## ACTION ITEM
Repeat the records exactly. Leave out the pictures.

Records from a collection
---

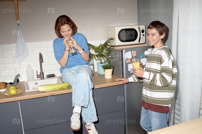 Подростковая девочка и подросток пьют сок на кухне
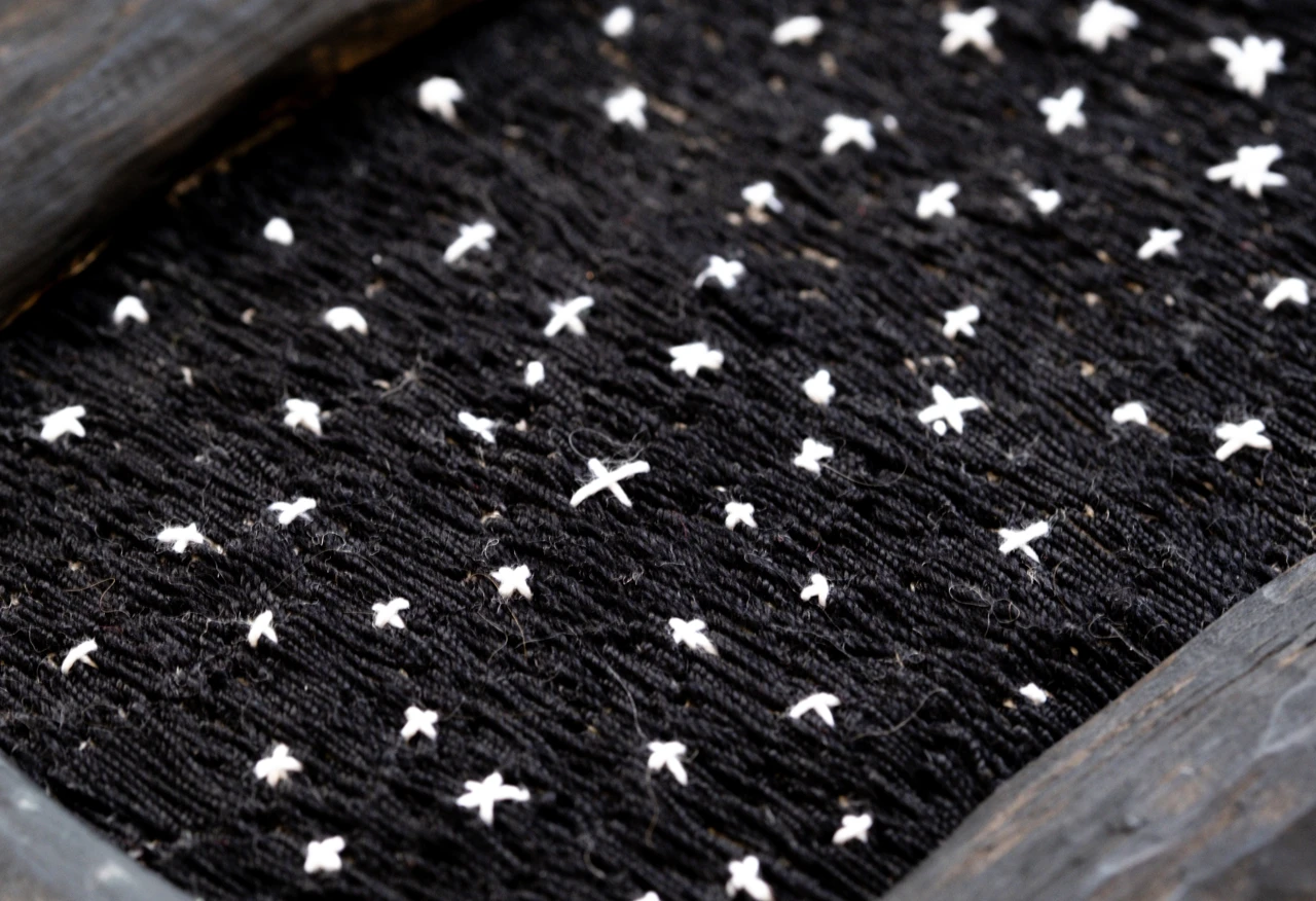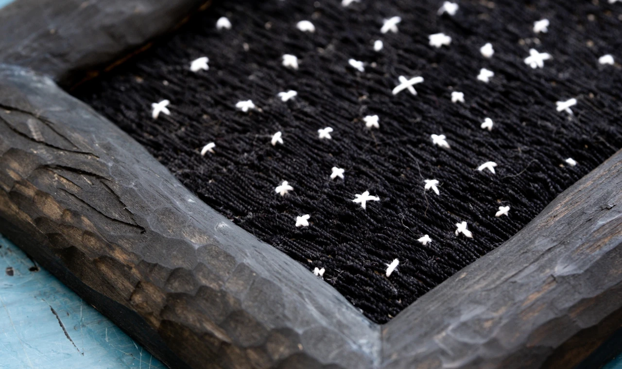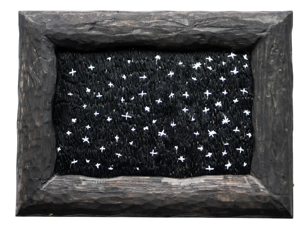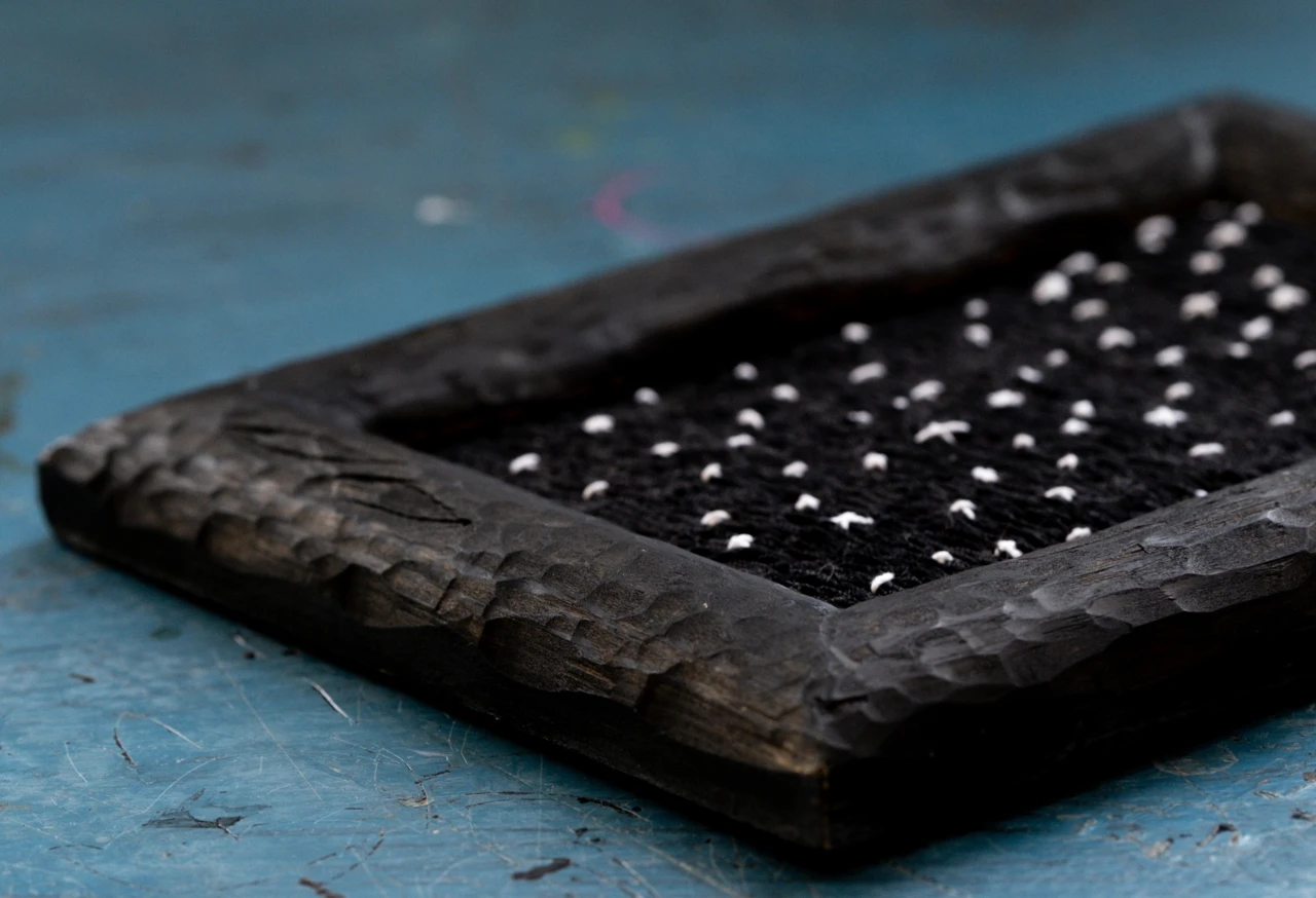 Работа «Ночь» представляет собой миниатюрное композитное произведение, сочетающее в себе традиционные ремесленные техники — ручную вышивку и резьбу по дереву — в контексте современного художественного выражения. Это работа масштаба «объекта-реликвии», где пространство, материал и символизм синтезируются в едином арт-предмете, призывая к медитации и внутреннему восприятию.
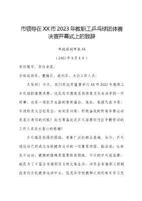 市领导在XX市2023年教职工乒乓球团体赛决赛开幕式上的致辞.docx
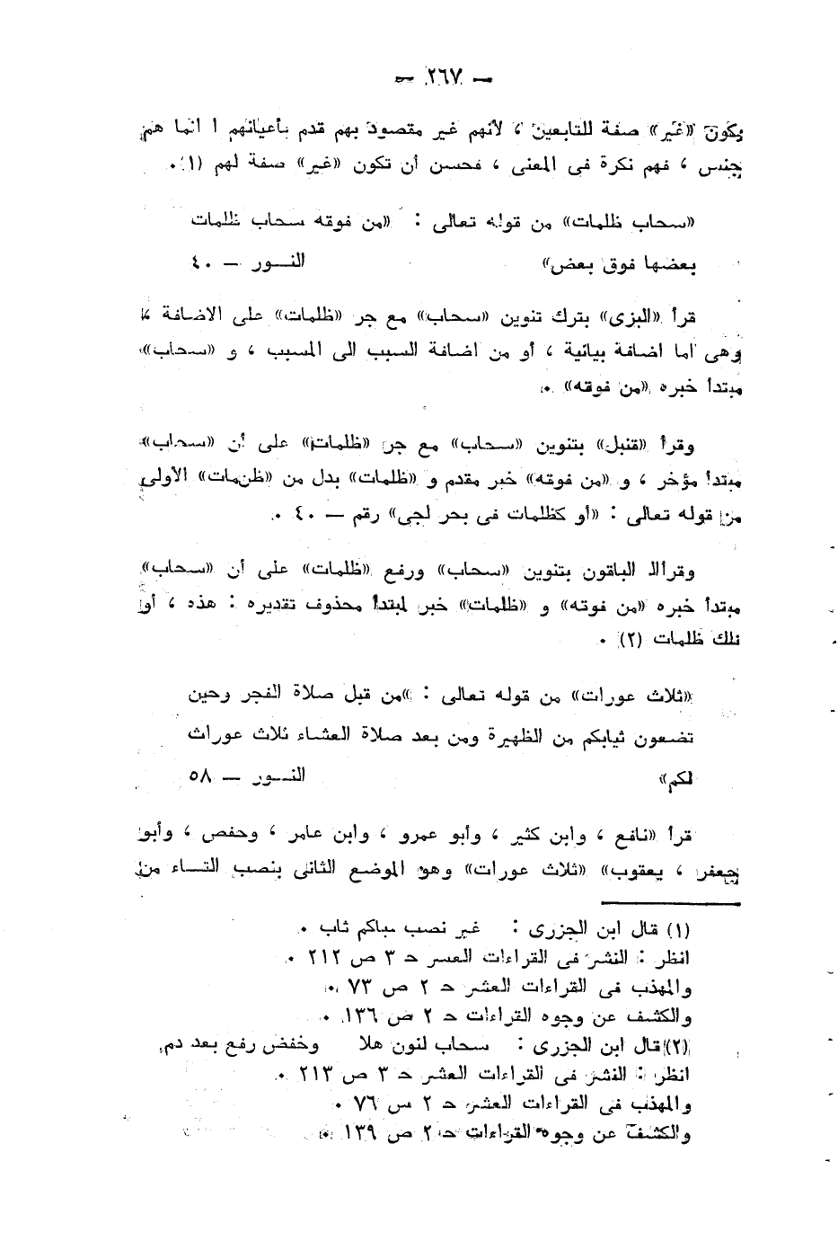 وقرأ الباقون بتنوين «سحاب» ورفع «ظلمات» على أن «سحاب» مبتدأ خبره «من فوقه» و «ظلمات» خبر لمبتدإ محذوف تقديره:
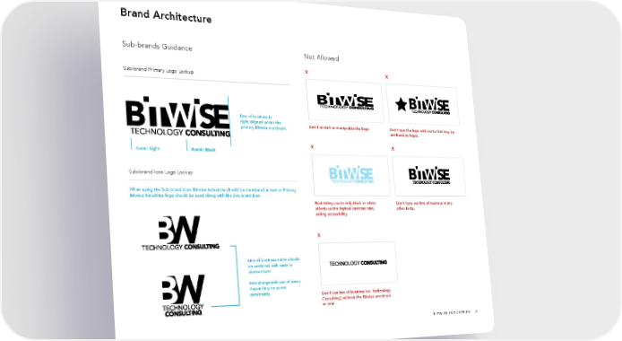 BITWISE INDUSTRIES 6 Sub-brands Guidance Brand Architecture Sub-brand Primary Logo Lockup Avenir Light Avenir Black Line of business name should be centered with wide or stacked text. Interchangeable use of icons depending on space constraints. When using the Sub-brand Icon, Bitwise Industries should be mentioned in text or Primary Bitwise Industries logo should be used along with the Sub-brand Icon. Line of business is right-aligned under the primary Bitwise wordmark. Sub-brand Icon Logo Lockup x Don’t stretch or manipulate the logo. x x x Don’t pair the logo with marks that may be confused as logos. Restricting use to only black or white affords us the highest contrast ratio, aiding accessibility. Don’t type out line of business in any other fonts. Not Allowed x Don’t use line of business (ex: Technology Consulting) without the Bitwise wordmark or icon.
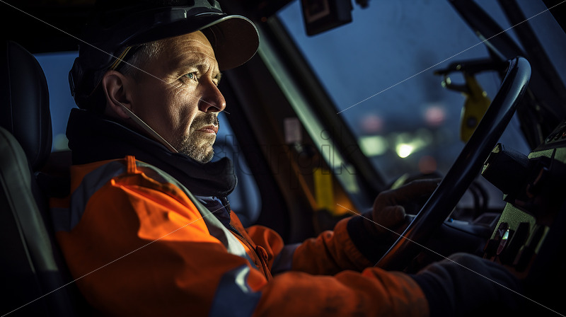 Serious construction worker driving the truck wearing personal protective equipment and a construction outfit with hard hat
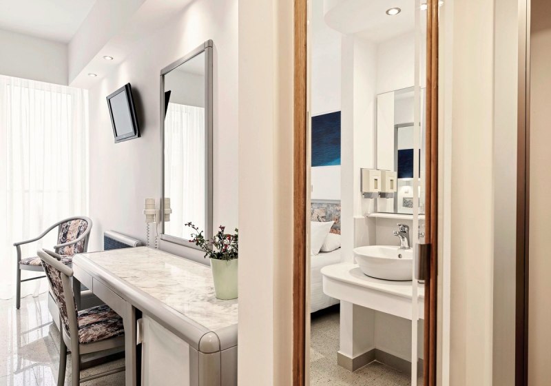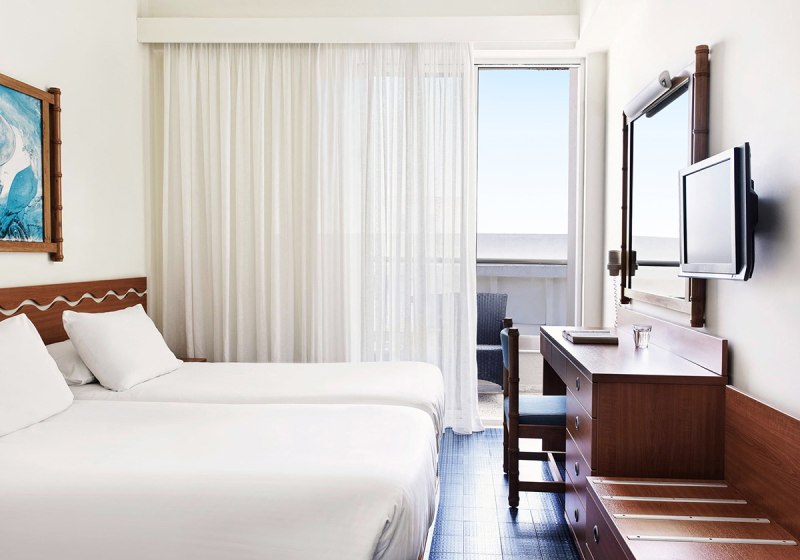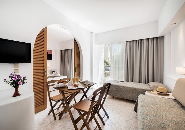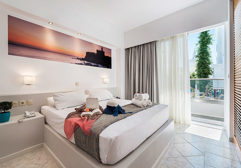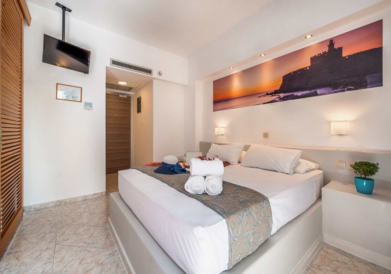 Im Esperia City Hotel wohnt Ihr mitten in Rhodos-Stadt, mit dem Strand in rund 100 Metern Entfernung und der Altstadt in Spazierdistanz. Das Haus mit 171 Zimmern und sechs Etagen wurde 2024 renoviert und wirkt entsprechend klar, aufgeräumt und urban. Der Tag beginnt leicht: erst ein Sprung in den Außenpool, dann Frühstück, bevor Ihr die Stadt erkundet oder an den Strand wechselt.

---

## TASK SOLUTION
 Подростковая девочка и подросток пьют сок на кухне
 Работа «Ночь» представляет собой миниатюрное композитное произведение, сочетающее в себе традиционные ремесленные техники — ручную вышивку и резьбу по дереву — в контексте современного художественного выражения. Это работа масштаба «объекта-реликвии», где пространство, материал и символизм синтезируются в едином арт-предмете, призывая к медитации и внутреннему восприятию.
 市领导在XX市2023年教职工乒乓球团体赛决赛开幕式上的致辞.docx
 وقرأ الباقون بتنوين «سحاب» ورفع «ظلمات» على أن «سحاب» مبتدأ خبره «من فوقه» و «ظلمات» خبر لمبتدإ محذوف تقديره:
 BITWISE INDUSTRIES 6 Sub-brands Guidance Brand Architecture Sub-brand Primary Logo Lockup Avenir Light Avenir Black Line of business name should be centered with wide or stacked text. Interchangeable use of icons depending on space constraints. When using the Sub-brand Icon, Bitwise Industries should be mentioned in text or Primary Bitwise Industries logo should be used along with the Sub-brand Icon. Line of business is right-aligned under the primary Bitwise wordmark. Sub-brand Icon Logo Lockup x Don’t stretch or manipulate the logo. x x x Don’t pair the logo with marks that may be confused as logos. Restricting use to only black or white affords us the highest contrast ratio, aiding accessibility. Don’t type out line of business in any other fonts. Not Allowed x Don’t use line of business (ex: Technology Consulting) without the Bitwise wordmark or icon.
 Serious construction worker driving the truck wearing personal protective equipment and a construction outfit with hard hat
 Im Esperia City Hotel wohnt Ihr mitten in Rhodos-Stadt, mit dem Strand in rund 100 Metern Entfernung und der Altstadt in Spazierdistanz. Das Haus mit 171 Zimmern und sechs Etagen wurde 2024 renoviert und wirkt entsprechend klar, aufgeräumt und urban. Der Tag beginnt leicht: erst ein Sprung in den Außenpool, dann Frühstück, bevor Ihr die Stadt erkundet oder an den Strand wechselt.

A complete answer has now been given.